The pairwise genetic distance among the 99 genotypes ranged from 0.01 to 0.58, with an average of 0.32. The greatest genetic distance was observed between ‘Charleston Greenpack', an improved cowpea (ssp. unguiculata) cultivar from the southern United States (Fery, 1998) and ‘Prince Charming', an improved Chinese asparagus bean (ssp. sesquipedialis) cultivar. The average genetic distance within subgroup SV (0.22) was lower than that in subgroup NSV (0.37). Analysis of relative kinship showed that 3124 (69%) of all the pairwise kinship values were between 0 and 0.05, whereas 18.9 % of the values were above 0.25, indicating that most individual pairs are not or only weakly related whereas members of subsets have a considerable level of relatedness.
LD in the asparagus bean genome
As the 95 asparagus bean accessions could be divided into two distinct subgroups, pairwise LD estimates were performed within each subgene pool.

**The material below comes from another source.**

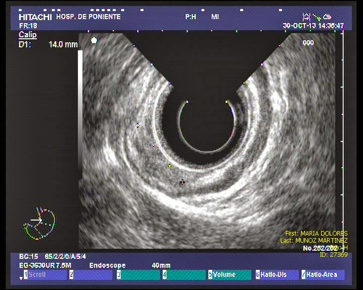 Paciente mujer de 78 años de edad con AP de hipotiroidismo, cardiopatía isquémica leve y diverticulosis coli. Valorada en consulta externa por un cuadro inespecífico dispéptico sin síntomas de alarma de 2 meses de evolución. Se realiza gastroscopia observando una lesión subcardial en el interior de un pequeño saco herniario, de unos 10 mm de extensión, plana con ligera elevación. La histología de las biopsias demostraron un adenocarcinoma gástrico bien diferenciado de tipo intestinal. El estudio analítico con marcadores tumorales de adenocarcinoma y TAC toraco-abdominal fueron normales. Se realizó ecoendoscopia radial donde se describe una lesión subcardial de unos 14 mm dependiente de la primera y segunda capa con dudosa infiltración submucosa (3ª capa), sin adenopatías asociadas. Con el diagnóstico de adenocarcinoma gástrico precoz probablemente T1b, se decide realizar mucosectomía endoscópica con el doble objetivo de valorar la profundidad de penetración parietal y secundariamente la posibilidad de curación endoscópica. La técnica se realiza de forma protocolizada en varios pasos. En primer lugar se tipifica con cromoendoscopia digital FICE-4 el tamaño y morfología de la lesión (14 mm, tipo mixto 0-IIa + IIc de la clasificación de París -lesión plana con ligera elevación y algún área deprimida-). Como segundo paso se comprueba la elevación de la lesión con una mezcla de SSF, adrenalina 1/20000 e índigo carmín (lifting sign) que descarta la infiltración profunda de la submucosa. En tercer lugar se delimita la lesión con márgenes de seguridad (> 3 mm). Como 4º paso se reseca la lesión con bandas (sistema Duette) en 3 fragmentos (el 80 % de la lesión queda incluida en la primera banda) sin complicaciones inmediatas. Por último se recuperan los fragmentos con cesta de Roth para estudio histológico. El estudio anatomopatológico es compatible con un adenocarcinoma gástico precoz de tipo intestinal, bien diferenciado con penetración a la muscularis mucosae, pero sin infiltración de la submucosa ni infiltración vascular y linfática a dicho nivel (estadio T1a). Se considera curativa endoscópicamente.

Globally, 3937 (4.6%) and 2909 (3.4%) of the total possible SNP locus pairs were in significant LD (P<0.01) in subgroup SV and NSV, respectively (Table 2). Of these, 756 and 628 of the significant associations were intrachromosomal, accounting for 8.6% and 7.1 % of the total possible intrachromosomal correlations. The proportion of significant LD among unlinked loci to the total possible interchromosomal correlations was lower, being 4.3% and 3% in the two subgroups, respectively. In both subgroups, an uneven distribution of LD among the 11 chromosomes was observed.
Table 2. Locus pairs in significant (P<0.01) LD, r2 values and extent of LD in the two subgene pools.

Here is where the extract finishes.